У поэта очень мало прав. В России мы получаем меньше, чем дворники, здесь тяжело бороться за место под солнцем. Но у поэтов есть одно право — свобода чувствования. Лед на сердце можно и нужно растапливать. Мне повезло, в XXI веке, уже на склоне своей жизни, мне удалось попутешествовать по миру — я побывал во Франции, в Египте, Италии, Турции, Болгарии. Это дает возможность льду внутри оттаять. Поэт должен сохранять в себе детское восприятие мира, и только с ним можно работать.
— Для меня детское восприятие мира — это прежде всего духовная чистота, непосредственность. Как сохранить эти качества в себе?
— Тут нет и не может быть общих рецептов, Господь помогает. Мне очень повезло — меня всегда окружало много добрых людей. Сейчас я дружу с молодыми режиссерами, поэтами, кинематографистами. И это, безусловно, позволяет сохранить себя. Главные ценности, а они во многом близки ценностям нашей христианской религии, остаются навсегда с нами. Беда в том, что не всегда удается быть им верным.
— Вы говорите как верующий человек.
— Да, с годами я пришел к вере. После того как умерла моя первая жена Иришка, я вел беспутную жизнь, много пил. Однажды я проснулся на квартире у друга Макса Жеребчевского, он сделал художественные решения первого фильма «Бременские музыканты». Он стал меня бранить за мою беспутную жизнь, и в течение нашего разговора я понял, что он глубоко верующий христианин. Это меня удивило — в то время я думал, что в Бога верят одни старушки. Позже я прочел Евангелие, полюбил образ Христа, написал поэму «Молитва», которая, по сути, является молитвой атеиста. Вера, любовь к Богу помогает человеку обрести духовный стержень. Но любовь — вещь интимная, это не то, о чем нужно говорить публично. «Молитва должна быть безмолвной,/ Безмолвно молитесь в тиши./ Иначе он будет неполным —/ Момент возвышенья души».

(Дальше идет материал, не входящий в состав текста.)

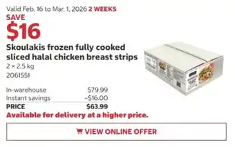 The discount for Skoulakis frozen fully cooked sliced halal chicken breast strips runs from 16-02-2026 to 01-03-2026. If this promotion has ended, other similar offers are still available to view. Following the product category ensures you stay updated as soon as Skoulakis frozen fully cooked sliced halal chicken breast strips is on sale again at Costco. Comparing Skoulakis frozen fully cooked sliced halal chicken breast strips deals helps you purchase at the most competitive price. Check our site regularly to see if Skoulakis frozen fully cooked sliced halal chicken breast strips returns soon with a new discount.

Когда умерла жена, я решил навсегда забыть стихи. В поэзии мне везде стала видеться фальшь
— Но ведь стихи, как и вера, тоже личная, глубоко интимная вещь. Надо быть очень смелым человеком, чтобы отважиться обнажать перед читателями душу.
— Кажется, что все мои лучшие стихи от Бога, а я тут ни при чем. Когда умерла жена, я решил навсегда забыть стихи. В поэзии мне везде стала видеться фальшь, любимый Маяковский раздражал надуманностью. Спас тогда режиссер Владимир Мотыль — он увез меня на Памир, где снимался его первый фильм. Это было все равно что попасть на Луну — я был полностью отрезан ото всех людей и вещей из прошлого. Года через два с половиной я не выдержал и начал вновь писать стихи. Это дело очень щепетильное, но поверьте — сила, движущая мной, намного сильнее меня самого. А лучшие мои стихи, по мнению друзей, написаны на смерть Ирины.
— У вас есть строфа: «Он ищет читателя, ищет/ Сквозь толщу столетий, и вот —/ Один сумасшедший — напишет,/ Другой сумасшедший — прочтет./ Сквозь сотни веков, через тыщи,/ А может, всего через год —/ Один сумасшедший — напишет,/ Другой сумасшедший — прочтет». Думали ли когда-нибудь о творчестве как о способе продлить себя в будущем?
Есть ощущение, что то, что ты делаешь, не услышат, и от этого грустно очень. Сейчас поэтов больше, чем читателей
— Это не очень скромная мысль. Главное сама творческая работа, без нее просто нет жизни для меня. А беда в том, что лишь один сумасшедший прочтет. Есть ощущение, что то, что ты делаешь, не услышат, и от этого грустно очень. Сейчас поэтов больше, чем читателей. В интернете огромное количество мусорной поэзии, любой графоман может распространять везде свои стихи, и это резко снизило интерес людей к поэзии.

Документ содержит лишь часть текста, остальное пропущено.